OAB SP TRANCA AÇÃO PENAL CONTRA DOIS ADVOGADOS


24/05/2013

A Comissão de Prerrogativas da OAB SP obteve decisão favorável junto à A 8ª Câmara de Direito Criminal do Tribunal de Justiça, que trancou ação penal instaurada para apurar fraude em licitação para contratação direta de dois advogados pela Prefeitura Municipal de Avaré. O habeas corpus que originou esta vitória foi assinado pelo advogado e conselheiro seccional, Carlos Kauffmann.

 

Para o presidente da OAB SP, Marcos da Costa,   “essa decisão judicial evidencia que a profissão não pode ser mercantilizada com a contratação de advogado sempre pelo menor preço, ignorando o preparo intelectual  e experiência jurídica de cada profissional”.
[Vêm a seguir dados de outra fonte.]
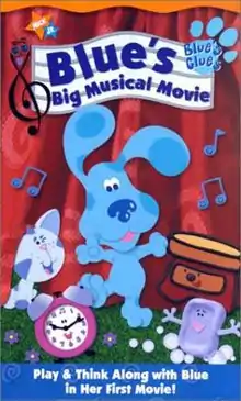 Blue's Big Musical Movie (also known as Blue's Big Musical, Blue's Clues: The Movie and The Blue's Clues Movie) is an American direct-to-video Live-action/animated musical film based on the Blue's Clues television series.[1] It was released on VHS and DVD on October 3, 2000.[2][3][4] The movie also airs on television, starting with a primetime premiere on January 13, 2002. A video game based on the movie was released for the original PlayStation around the same time, making it the only Blue's Clues video game on a home console other than the V.Smile.
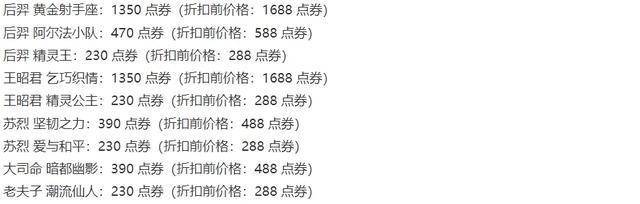 英雄这块,包括王昭君+苏烈+大司命+老夫子,都会从588点券降价至488点券,而我的建议则是最好别用点券购买英雄。

Ao julgar habeas corpus, os desembargadores Moreira da Silva, Louri Babiero e Camilo Léllis, por unanimidade, entenderam que ficou demonstrada, tanto a notória especialização dos advogados, quanto a singularidade do serviço contratado pela administração (artigo 25, inciso II, da sobredita Lei), assegurando a inexigibilidade de licitação.

 

"A decisão do TJ reforça entendimento já consagrado, mas que infelizmente vem sendo questionado por alguns juízos de primeiro grau, no sentido de que a contratação de advogado não se submete a concorrência, pois não há como licitar um serviço especializado e diferenciado que tem por pressuposto essencial a confiança que lhe é depositada pelo contratante", afirma Kauffmann.

No acórdão, o TJ SP deixa patente que os advogados não tiveram dolo de beneficiar-se ilegalmente da inexigibilidade de licitação para a prestação dos serviços, já que “os escritórios [...] representados pelos pacientes, apresentaram proposta visando a contratar com a Prefeitura de Avaré prestação de serviços jurídicos, com inexigibilidade de licitação, mas o fizeram em conformidade com o disposto no artigo 13, inciso V, combinado com o artigo 25, inciso II, ambos da Lei nº 8.666/93 (Lei de Licitações), mormente em se considerando [...], que demonstraram notória especialização e a natureza singular do serviço objeto do contrato”.